La dynamique est différente.
Pour le pôle F,
c'est l'idéal qui est important,
et tout ce qui pourra paraître l'amoindrir ne sera pas accepté:
Si partir de l'élève c'est haïr le maître et détester l'école, on comprend que la diminution
des horaires, l'allégement des programmes soient ressentis comme une diminution de cet
idéal vers lequel il faut amener les élèves. Mais est-ce vraiment cela?
Pour le pôle M,
il semble que l'accent soit mis sur l'élève
et donc, prioritairment, sur la prise en compte de ce qu'il est.
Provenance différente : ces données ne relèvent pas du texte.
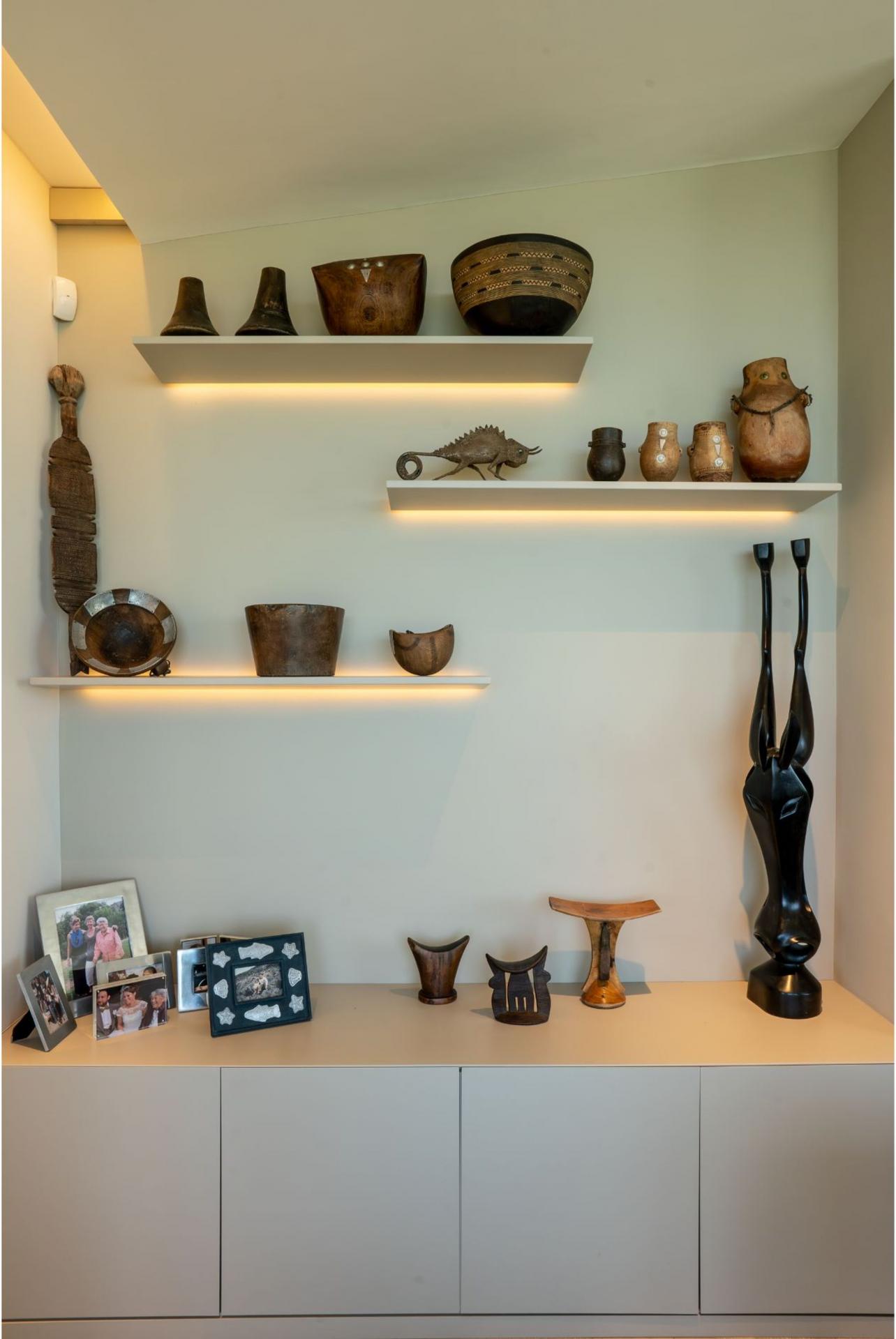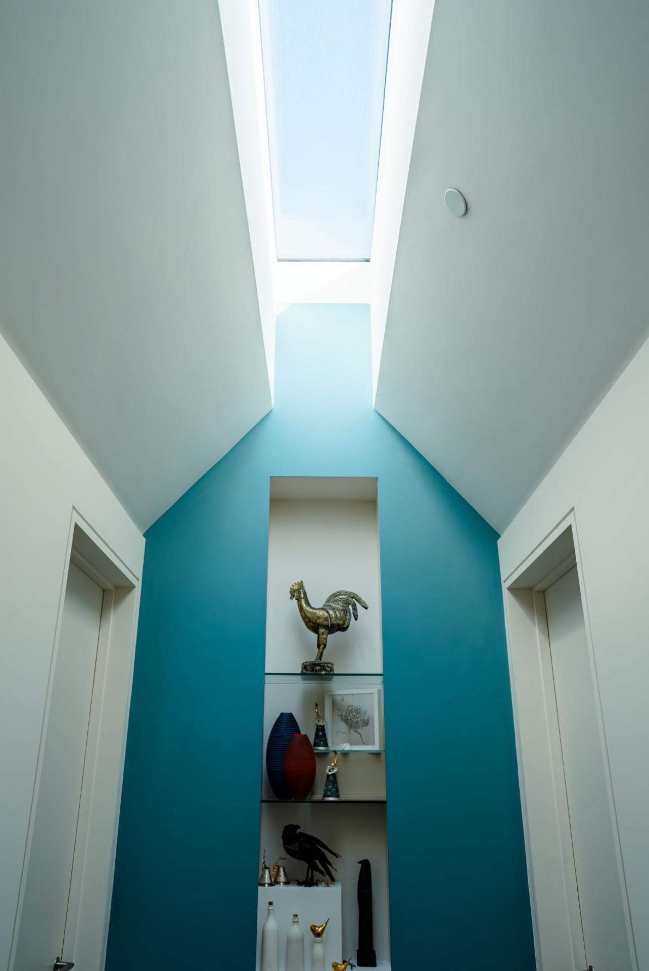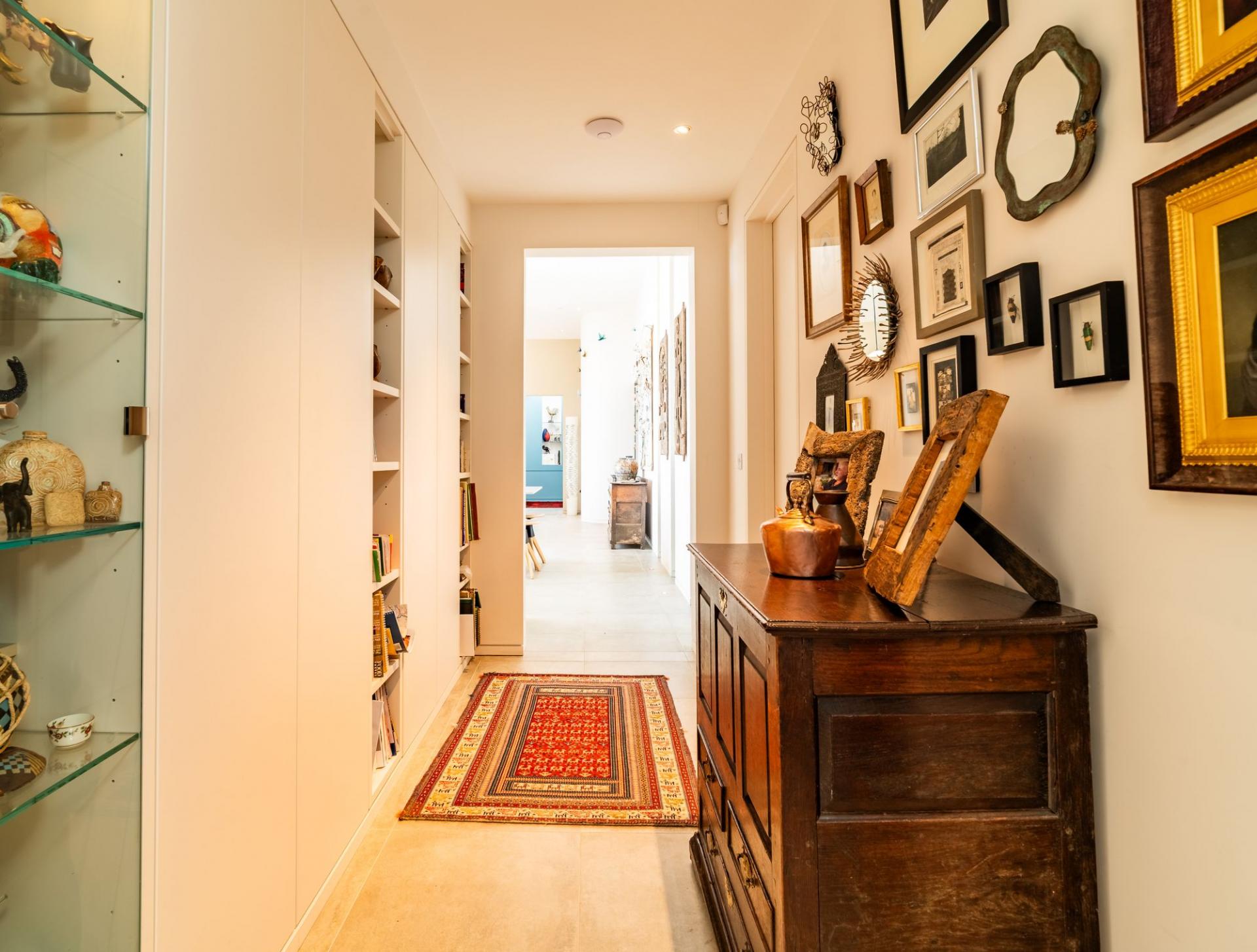 A dramatic and light-filled welcome, the entrance hall sets the tone architectural lighting, and fitted cupboards for coats and shoes. Porcelain tile floors flow underfoot, hinting at the tactile luxury throughout.

« Des corporatistes étroits ont empêché la loi de 1989 qui place l'élève au centre du système
éducatif et qui fait des parents des partenaires à part entière de l'école, de s'appliquer
pleinement »(cm).
Il se crée alors un double mouvement dû à une double dissymétrie : « La parole de l'éducateur est
première. Son antériorité n'est pas seulement chronologique, elle est aussi ontologique: il porte et
présente le monde à ceux qui arrivent. Mais la parole de l'éducateur n'est pas "dernière": en effet,
son projet est bien de susciter une autre parole dont le texte ne soit pas écrit à l'avance. Il n'y a pas
d'équivalence" entre l'éducateur et l'éduqué, mais bien une double dissymétrie: dissymétrie de
l'enseignement qui place l'éducateur en amont et au dessus de l'éduqué; dissymétrie de
l'apprentissage qui place l'éduqué en position de s'approprier, de prolonger et de démentir ce qui
lui a été enseigné. C'est cette seconde dissymétrie qui permet à l'éducation de n'être pas seulement
reproduction »(m).
Dans ce pôle "l'élève est au centre du système" et "l'aide individualisée" représente une
avancée importante.
« Ni retour en arrière, ni fuite en avant, ni invectives: une réflexion collective pour que
la société regarde son école en face ».
« Il peut y avoir dans l'enseignement des dérives qu'il faut combattre; mais pas avant
d'avoir reconnu et mesuré l'ampleur des difficultés. Or elles tiennent aux élèves. Non
qu'ils soient moins vifs ou moins intelligents; ce n'est pas une question de niveau mais de
comportement. Beaucoup d'entre eux ne se comportent plus comme des élèves; on ne
sait plus comment les faire travailler et, sans travail, quelque chose d'essentiel se défait,
qui est grave pour la société toute entière. Cette situation radicalement nouvelle n'appelle
pas des diatribes, mais un travail d'analyse et d'explication qu'il n'y a pas plusieurs
façons d'entreprendre; la méthode est la même que pour tout travail universitaire. »
....et par cet éditorial, j'ai souhaité participer à cette réflexion collective.